Search code examples
rdplyrmediansparklyr

Using summarize_all() to find median on sparklyr data


I am trying to get summary statistics for data in r that I pulled using sparklyr, including mean and median. I can get all my stats by manually typing everything out in a dplyr::summarize() step, but would like to know if there is a way to do this using a summarize_all() statement.

Manual attempt works:

test<-data%>%
    dplyr::summarize(count=n(),
                     mean_c1=mean(column1,na.rm=TRUE),
                     mean_c2=mean(column2,na.rm=TRUE),
                     median_c1=percentile(column1,.5),
                     median_c2=percentile(column2,.5))

Summarize_all() attempt works without calling percentile for the median. This gets me count,mean, min, max for my data (vars is a vector of column names)

test<-data%>%
    select(vars)%>%
    dplyr::summarize_all(list(count=~n(),mean=mean, min=min,max=max))

But I get errors when I try to add median into the mix- it no longer recognizes the percentile command, which is a Hive function and not an r/dplyr function. ("Error in inherits(x, "fun_list") : object 'percentile' not found")

test<-data%>%
    select(vars)%>%
    dplyr::summarize_all(list(count=~n(),mean=mean, min=min,max=max,median=percentile),probs=.5)

I tried using quantile instead of percentile (which is how I would do this with a data frame), but it errors out when I call the 'test' table.
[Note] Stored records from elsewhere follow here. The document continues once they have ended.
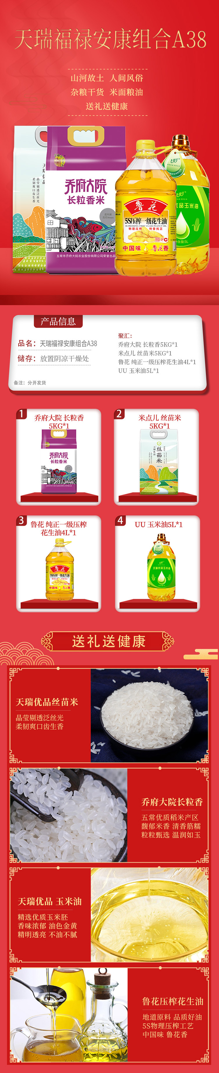 商品名称:鲁花/乔府大院/UU/米点儿米油组合10kg+9L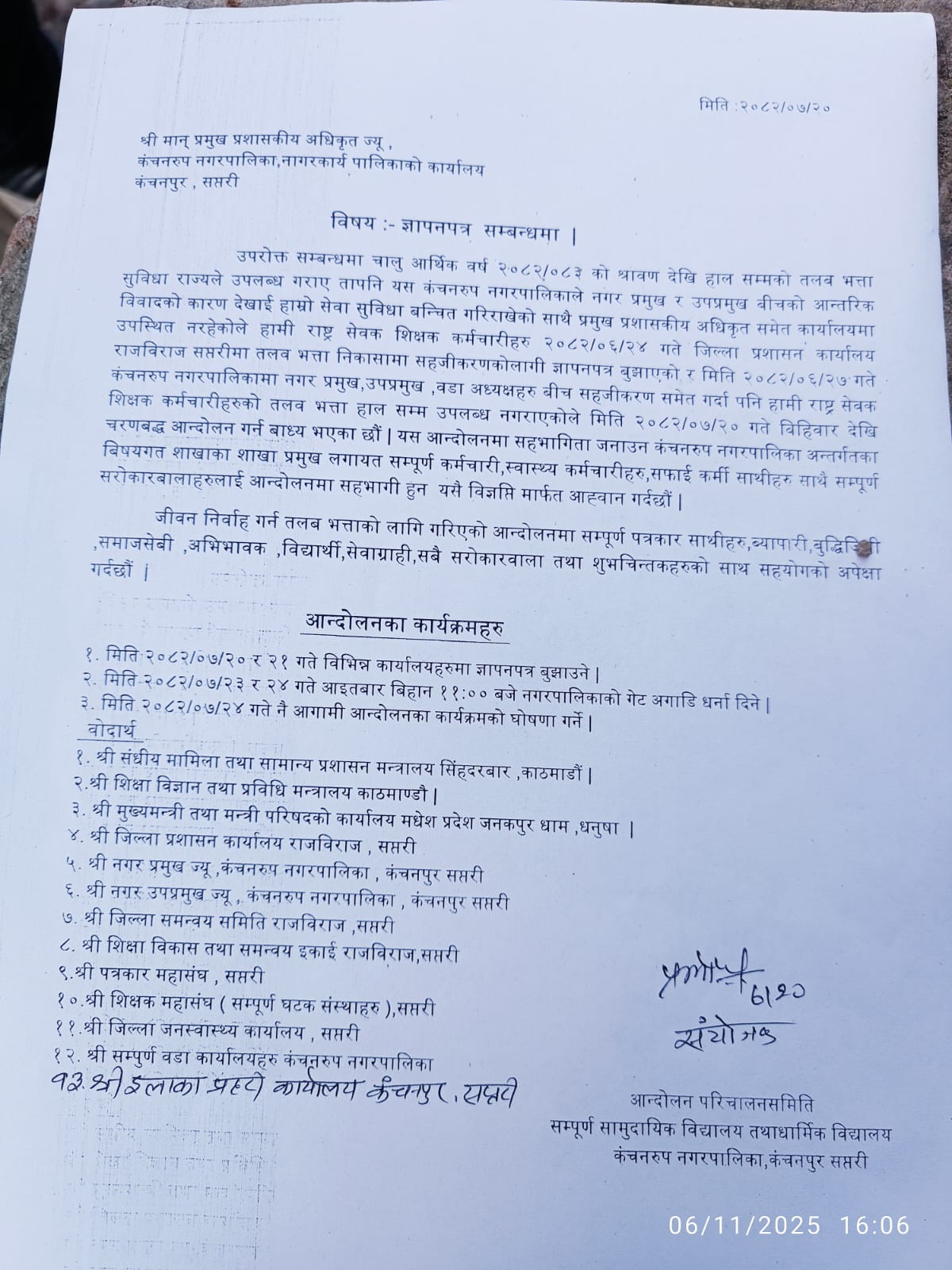 कंचनरुपमा राजनीतिक टकरावले प्रशासनिक संकटः तलब–भत्ता रोकिँदा शिक्षक–कर्मचारी सडकमा
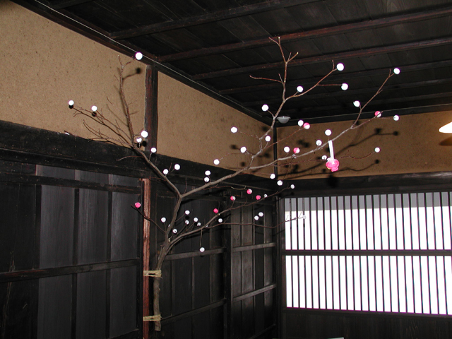 この「団子刺し」という正月行事は、一般的には、無病息災・家内安全・豊作等新年を迎えて祈るための飾りで、毎年2月11日を祝祝(いわいわ)として門松やお札、しめ飾り、お守り、破魔矢などを焼くわけですが、そのときにだんご木も焼くわけですね。その焼いた団子を食べると無常息災とか賢くなる等と言われています。ですから、ほんとは焼いてたべるまでが祈願なんですね。養蚕が盛んだった頃に、沢山の繭が取れるようにと願いをこめて米の粉で繭を形どった「だんご」を作って正月の飾りとしていた、という話もあるようです。
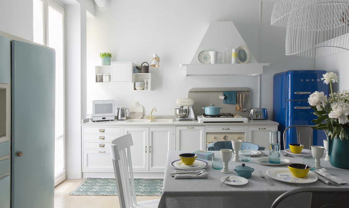 L'incantevole trilocale, rinnovato in azzurro e bianco, acquista luminosità e mantiene il suo fascino vintage grazie a 3 lavori fai-da-te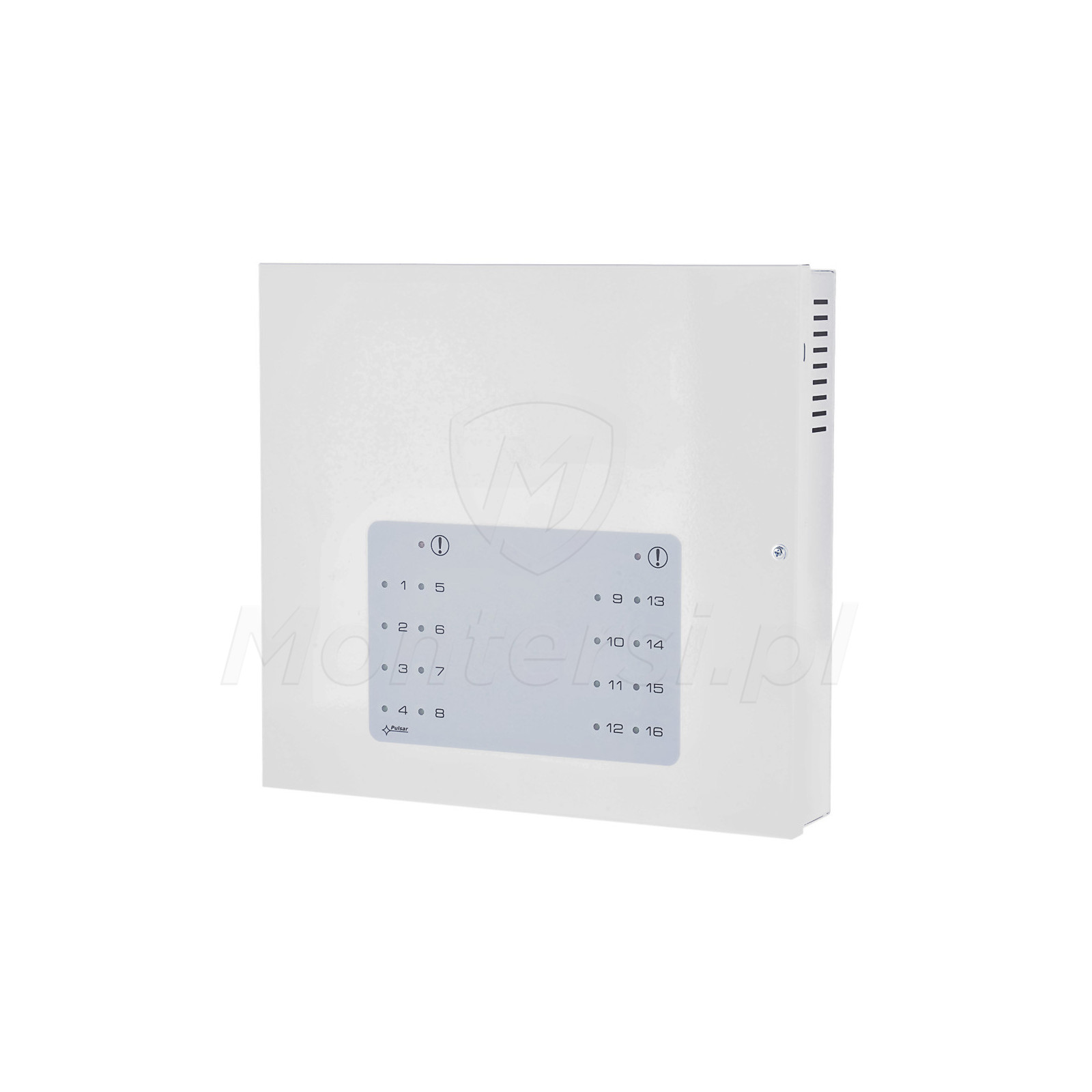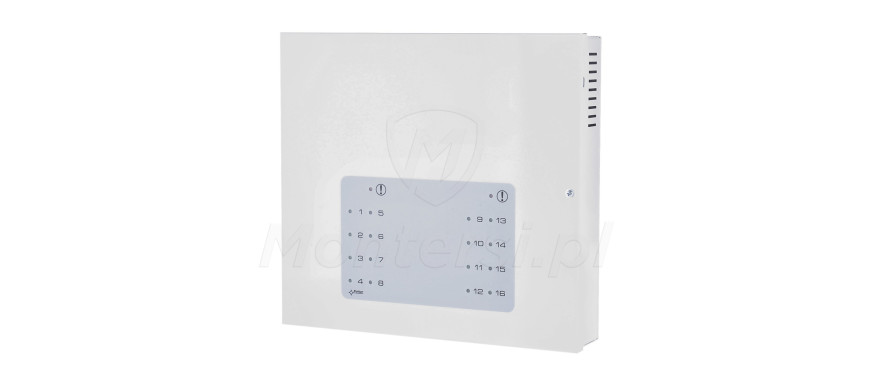 PSDC16128 - Stabilizowany zasilacz impulsowy przystosowany do zasilania urządzeń systemu alarmowego lub telewizji przemysłowej, które wymagają napięcia zasilania 12V DC. Jest wyposażony w 16 wyjść zasilania, każde o obciążalności prądowej 0.5 A i 1 wyjście techniczne AW typu OC (awaryjne typu otwarty kolektor).

Is it possible to get median for a spark table in r using the summarize_all() command? Or will I have to do it more manually?


Solution

  • The glue package solved my problem.

    library(rlang)
    library(glue)
    
    vars<-tbl_vars(data)
    eq3<-glue("percentile({vars},.5)")%>%
        setNames(paste0(vars,"_median"))%>%
        lapply(parse_quosure)
    test<-data%>%
        dplyr::summarize(!!!eq3)